Saturday 19 June 2010

Australian Pterosaurs

Australia is a vast continent with a relatively small population.  It was in 1980 that the first pterosaur remains were recorded and published in Nature.  They included a scapulo-coracoid of an unusual type that had a strut at the back of the articular joint.  There are some similarities with pteranodontid specimens, but essentially it is an unknown species that has not been seen anywhere else.
 The model in the photograph gives an impression of the overall shape.  The original specimen QM-F10612 From the Flaggy Limestones of the Toolebuc Formation about 13km from Hamilton Hotel is now in the Queensland Museum.  About 500m away, two other specimens of pterosaur were discovered.  QM-F10613 a fused mandible with 5 pairs of alvioli and QM-F10614 a single vertebra.  It is not known if they represent the same pterosaur.
In the New Zealand Geological Survey collection is NZGS CD467 collected from Mangahouanga Stream, Hawke’s Bay, New Zealand.  This is a distal Ulna fragment from an azdarchid pterosaur.  It is considered to be similar to Arambourgiania though the detail suggests a different type of pterosaur.

Another specimen is of a Mid-jaw fragment from the Allaru Mudstone of Queensland, Australia. This specimen is considered to show a resemblance to Anhanguera santanae but like most of the Australian material it has unique features which may well set it apart from the rest of the world.
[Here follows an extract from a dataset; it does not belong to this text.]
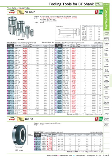 PRICESDISPLAYEDINCLUDE8%TAX.TYPEOUTERDIAMETER(MM)TOTALLENGTH(MM)SG610.1518.5SG812.823.5SG1015.328.0SG1217.932.5SG1622.837.0SG2027.641.0SG2533.250.0SG3241.558.5TOTALLENGTHGRASPDIAMETEROUTERDIAMETERDIMENSIONSSGSERIESSGNSERIESOUTERDIAMETERTHICKNESSYUKIWA"SGCOLLET"STOCK150ITEMSORDERUNIT:1PIECEFACTORYDIRECTSHIPPINGNOTINCLUDEDYUKIWASEIKOINC.ORDERCODEITEMNO.PRICE(PERPIECE)MSRP(PERPIECE)CLAMPINGDIAMETER(MM)COMPATIBLEMODELWEIGHT(G)★836-1385SG6-1¥7,695-1.000SGC67★836-1386SG6-1.5¥7,695-1.500SGC67★836-1387SG6-2¥7,695-2.000SGC67★836-1388SG6-2.5¥7,695-2.500SGC67★836-1389SG6-3¥6,210-3.000SGC66★836-1390SG6-3.175¥6,210-3.175SGC66★836-1391SG6-4¥6,210-4.000SGC65★836-1392SG6-5¥6,210-5.000SGC65★836-1393SG6-5.5¥6,210-5.500SGC65★836-1394SG6-6¥6,210-6.000SGC64★836-1395SG8-1¥7,290-1.000SGC813★836-1396SG8-1.5¥7,290-1.500SGC813★836-1397SG8-2¥7,290-2.000SGC813★836-1398SG8-2.5¥7,290-2.500SGC813★836-1399SG8-3¥6,345-3.000SGC812★836-1400SG8-3.175¥6,345-3.175SGC812★836-1401SG8-4¥6,345-4.000SGC812★836-1402SG8-5¥6,345-5.000SGC811★836-1403SG8-5.5¥6,345-5.500SGC811★836-1404SG8-6¥6,345-6.000SGC811★836-1405SG8-6.2¥6,345-6.200SGC811★836-1406SG8-7¥6,345-7.000SGC810★836-1407SG8-8¥6,345-8.000SGC89★836-1408SG10-2¥7,290-2.000SGC1020★836-1409SG10-2.5¥7,290-2.500SGC1020★836-1410SG10-3¥6,345-3.000SGC1020★836-1411SG10-3.175¥6,345-3.175SGC1020★836-1412SG10-4¥6,345-4.000SGC1020★836-1413SG10-5¥6,345-5.000SGC1020★836-1414SG10-5.5¥6,345-5.500SGC1020★836-1415SG10-6¥6,345-6.000SGC1020★836-1416SG10-6.2¥6,345-6.200SGC1019★836-1417SG10-7¥6,345-7.000SGC1019★836-1418SG10-8¥6,345-8.000SGC1018★836-1419SG10-8.5¥6,345-8.500SGC1017★836-1420SG10-9¥6,345-9.000SGC1016★836-1421SG10-10¥6,345-10.000SGC1014★836-1422SG12-3¥6,615-3.000SGC1233★836-1423SG12-3.175¥6,615-3.175SGC1233★836-1424SG12-4¥6,615-4.000SGC1233YUKIWALOCKNUTSTOCK150ITEMSORDERUNIT:1PIECEFACTORYDIRECTSHIPPINGNOTINCLUDEDYUKIWASEIKOINC.ORDERCODEITEMNO.PRICE(PERPIECE)MSRP(PERPIECE)SCREWDIMENSIONOUTERDIAMETER(MM)THICKNESS(MM)COMPATIBLECOLLETSPQ(PIECE)WEIGHT(G)★836-1488SGN6¥5,981-M14X1.0209.8SG6111★836-1489SGN8¥6,237-M20X1.02612.3SG8124★836-1490SGN10¥7,223-M24X1.03113.8SG10140★836-1491SGN12¥7,803-M27X1.03614.5SG12159★836-1492SGN16¥8,640-M33X1.54215.5SG16179★836-1493SGN20¥9,140-M42X1.55018.0SG201111★836-1494SGN25¥10,382-M48X1.56021.0SG251214★836-1495SGN32¥11,138-M60X1.57225.0SG321337CONTACTUS:0258-81-1111HTTP://WWW.YUKIWA.CO.JP/FEATURES●ITHASASTRONGGRIPPINGFORCEWITHTHEDOUBLETAPERMETHOD.SPECS●4DTIPSWINGINGACCURACY:WITHIN3ΜM(SINGLEPIECEOFCOLLET)●FORSUPERG1CHUCK(SGC)●FORGREENG1CHUCK(GGC)ORIGIN●JAPANFEATURES●ALOCKNUTEXCLUSIVEFORSGCOLLETS.ORIGIN●JAPANORDERUNIT:1PIECEFACTORYDIRECTSHIPPINGNOTINCLUDEDORDERCODEITEMNO.PRICE(PERPIECE)MSRP(PERPIECE)CLAMPINGDIAMETER(MM)COMPATIBLEMODELWEIGHT(G)★836-1425SG12-5¥6,615-5.0SGC1233★836-1426SG12-5.5¥6,615-5.5SGC1233★836-1427SG12-6¥6,615-6.0SGC1233★836-1428SG12-6.2¥6,615-6.2SGC1233★836-1429SG12-7¥6,615-7.0SGC1232★836-1430SG12-8¥6,615-8.0SGC1231★836-1431SG12-8.5¥6,615-8.5SGC1230★836-1432SG12-9¥6,615-9.0SGC1229★836-1433SG12-10¥6,615-10.0SGC1227★836-1434SG12-10.5¥6,615-10.5SGC1226★836-1435SG12-11¥6,615-11.0SGC1225★836-1436SG12-12¥6,615-12.0SGC1222★836-1437SG12-12.5¥6,615-12.5SGC1220★836-1438SG16-3¥7,020-3.0SGC1661★836-1440SG16-4¥7,020-4.0SGC1663★836-1442SG16-6¥7,020-6.0SGC1663★836-1444SG16-8¥7,020-8.0SGC1662★836-1446SG16-10¥7,020-10.0SGC1659★836-1448SG16-12¥7,020-12.0SGC1655★836-1452SG16-16¥7,020-16.0SGC1639★836-1453SG20-3¥7,425-3.0SGC2089★836-1455SG20-4¥7,425-4.0SGC2099★836-1457SG20-6¥7,425-6.0SGC20100★836-1459SG20-8¥7,425-8.0SGC20102★836-1461SG20-10¥7,425-10.0SGC2098★836-1463SG20-12¥7,425-12.0SGC2098★836-1467SG20-16¥7,425-16.0SGC2082★836-1471SG20-20¥7,425-20.0SGC2057★836-1472SG25-6¥9,315-6.0SGC25166★836-1473SG25-8¥9,315-8.0SGC25170★836-1474SG25-10¥9,315-10.0SGC25170★836-1475SG25-12¥9,315-12.0SGC25176★836-1476SG25-16¥9,315-16.0SGC25166★836-1477SG25-20¥9,315-20.0SGC25142★836-1478SG25-25¥9,315-25.0SGC2593★836-1482SG32-16¥11,070-16.0SGC32320★836-1483SG32-20¥11,070-20.0SGC32300★836-1484SG32-25¥11,070-25.0SGC32262★836-1487SG32-32¥11,070-32.0SGC32158CONTACTUS:0258-81-1111HTTP://WWW.YUKIWA.CO.JP/SPQ:1PIECETOOLING・FIXTURINGTOOLINGTOOLSTOOLSFORMILLINGMACHINESCHUCKS,JAWSLIVECENTERSLATHETOOLSDRILLSOCKETSDRILLSLEEVESDRILLCHUCKSMACHINEVICESLEVELADJUSTTOOLSFIXTUREBASESSTUDBOLTSCLAMPINGNUTSCLAMPINGWASHERSSCREWSUPPORTSCLAMPSCOOLINGDEVICESTOOLSFORPRESSMACHINETOOLINGTOOLSFORBTSHANKSTOCK1,146ITEMS1-1017*C006003*1-1017DELIVERYESTIMATE★…MANUFACTURERSTOCK★…DELIVERYWITHIN7WORKINGDAYS★…ASK

A few additional pterosaur fragments indicate that Australia was colonised by pterosaurs from the major Groups during the Cretaceous.  It is also likely that the pterosaur fauna of the Jurassic was specific to the Australian continent, but with so few finds it is not possible to make sensible conclusions.  Many of the continents show this pattern of finds over much of their geological history.  It is only at specific sites that the fine pterosaur fossils tend to be found, where preservation is very good.  As there has not been such a site discovered in Australia, the finds tend to be representative of the normal background evidence for the fossil record.


  • Molnar, R. E., Thulborn, R. A., 1980 First Pterosaur from Australia, Nature, London, Vol.288, Pp.361-363
  • Molnar, R. E. 1987 A Pterosaur pelvis from western Queensland, Australia, Alcheringa, 11, 87-94 ISSN 0311 5518
  • Wiffen, J., Molnar, R. E., 1988 First pterosaur from New Zealand. Alcheringa 12, 53–59.
  • Molnar R. E., 1998. Anhanguera sp. P. 82. In Tomida, Y. (ed.) Dinosaurs of Gondwana. (Yomiuri Shimbun: Tokyo) (in Japanese)
  • Molnar, R.E., and Thulborn, R.A., 2007. An incomplete pterosaur skull from the Cretaceus of north-central Queensland, Australia. Arquivos do Museu Nacional, Rio de Janeiro 65(4):461-470. 
  • Fletcher, T. L., Salisbury S. W. and Cook, A. G, 2007. New pterosaur fossils from the Early Cretaceous (Aptian-Albian) of western Queensland, Australia. In: Warren, A., Geological Society of Australia Abstracts No. 85. 11th Conference on Australian Vertebrate Evolution, Palaeontology and Systematics, 2007, Melbourne, Australia, (26-26). April, 2007.